COLLECTED DATA Start Marker

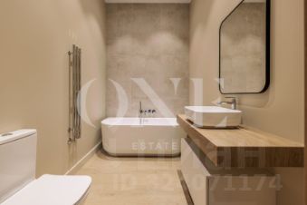 Алюминиевые окна Alutex высотой 3,6 метра, двойной энергоэффективный крупноформатный стеклопакет, площадь остекления фасада более 40%. В отделке использованы: межкомнатные двери высотой 3 метра (шпон дуба), плитка Porselanosa, Французские моющиеся краски Argile, текстильные широкоформатные обои в спальнях.
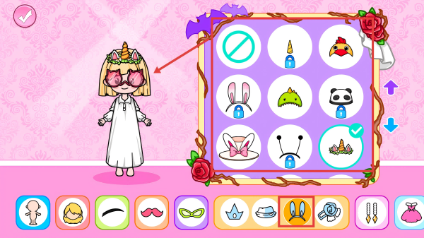3、进入头饰分类,选择独角兽头饰,为角色添加可爱的头部装饰,丰富造型。
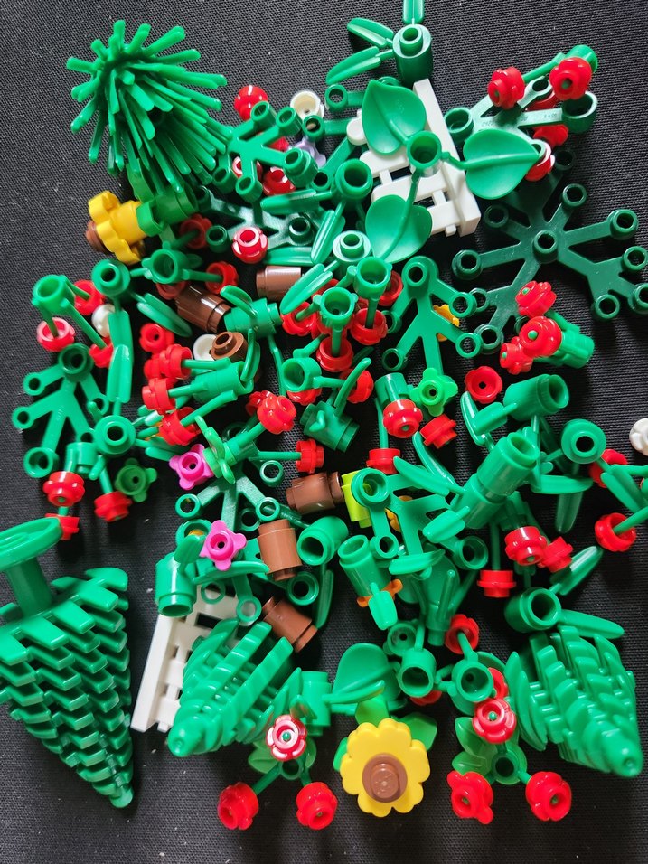 Çeşitli yaprak ve çiçek şekillerine sahip, çok renkli Lego çiçek ve ağaç parçaları.
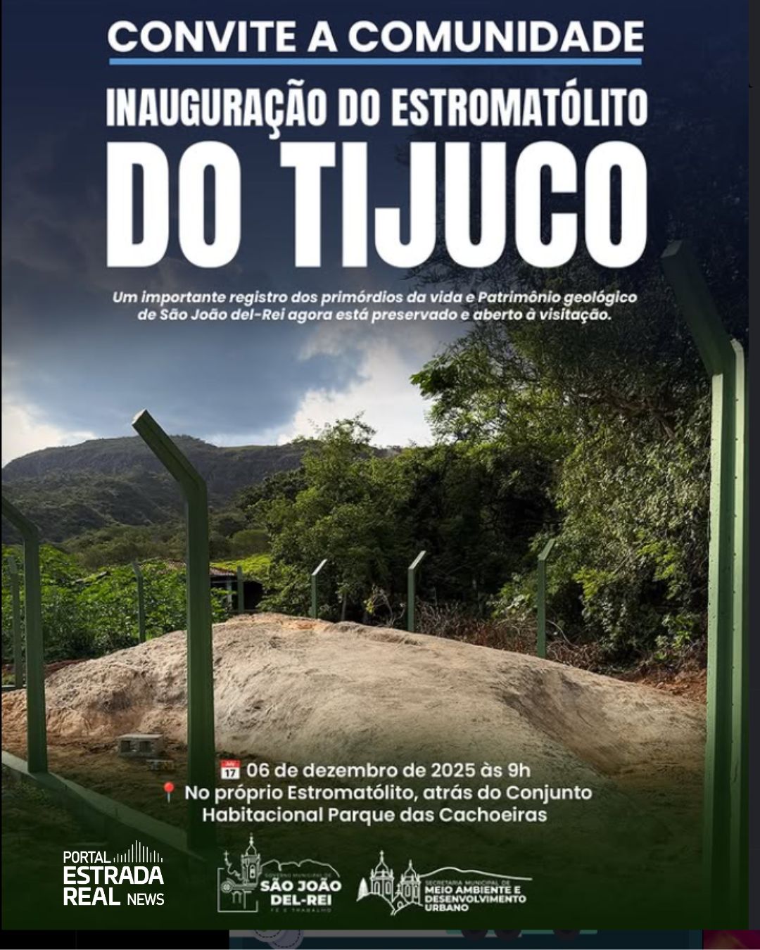 A Inauguração do Estromatólito do Tejuco será realizada no dia 06 de dezembro de 2025, às 9h, no próprio sítio geológico, localizado atrás do Conjunto Habitacional Parque das Cachoeiras, em São João del-Rei. O estromatólito é considerado um dos mais antigos registros de vida na Terra, formado por cianobactérias e datado de aproximadamente 3,5 bilhões de anos, configurando-se como um patrimônio geológico de grande relevância.

COLLECTED DATA End Marker

EXERCISE DETAILS
Without the pictures, write out the listing exactly as it appears above.

EXERCISE SOLUTION
 Алюминиевые окна Alutex высотой 3,6 метра, двойной энергоэффективный крупноформатный стеклопакет, площадь остекления фасада более 40%. В отделке использованы: межкомнатные двери высотой 3 метра (шпон дуба), плитка Porselanosa, Французские моющиеся краски Argile, текстильные широкоформатные обои в спальнях.
3、进入头饰分类,选择独角兽头饰,为角色添加可爱的头部装饰,丰富造型。
 Çeşitli yaprak ve çiçek şekillerine sahip, çok renkli Lego çiçek ve ağaç parçaları.
 A Inauguração do Estromatólito do Tejuco será realizada no dia 06 de dezembro de 2025, às 9h, no próprio sítio geológico, localizado atrás do Conjunto Habitacional Parque das Cachoeiras, em São João del-Rei. O estromatólito é considerado um dos mais antigos registros de vida na Terra, formado por cianobactérias e datado de aproximadamente 3,5 bilhões de anos, configurando-se como um patrimônio geológico de grande relevância.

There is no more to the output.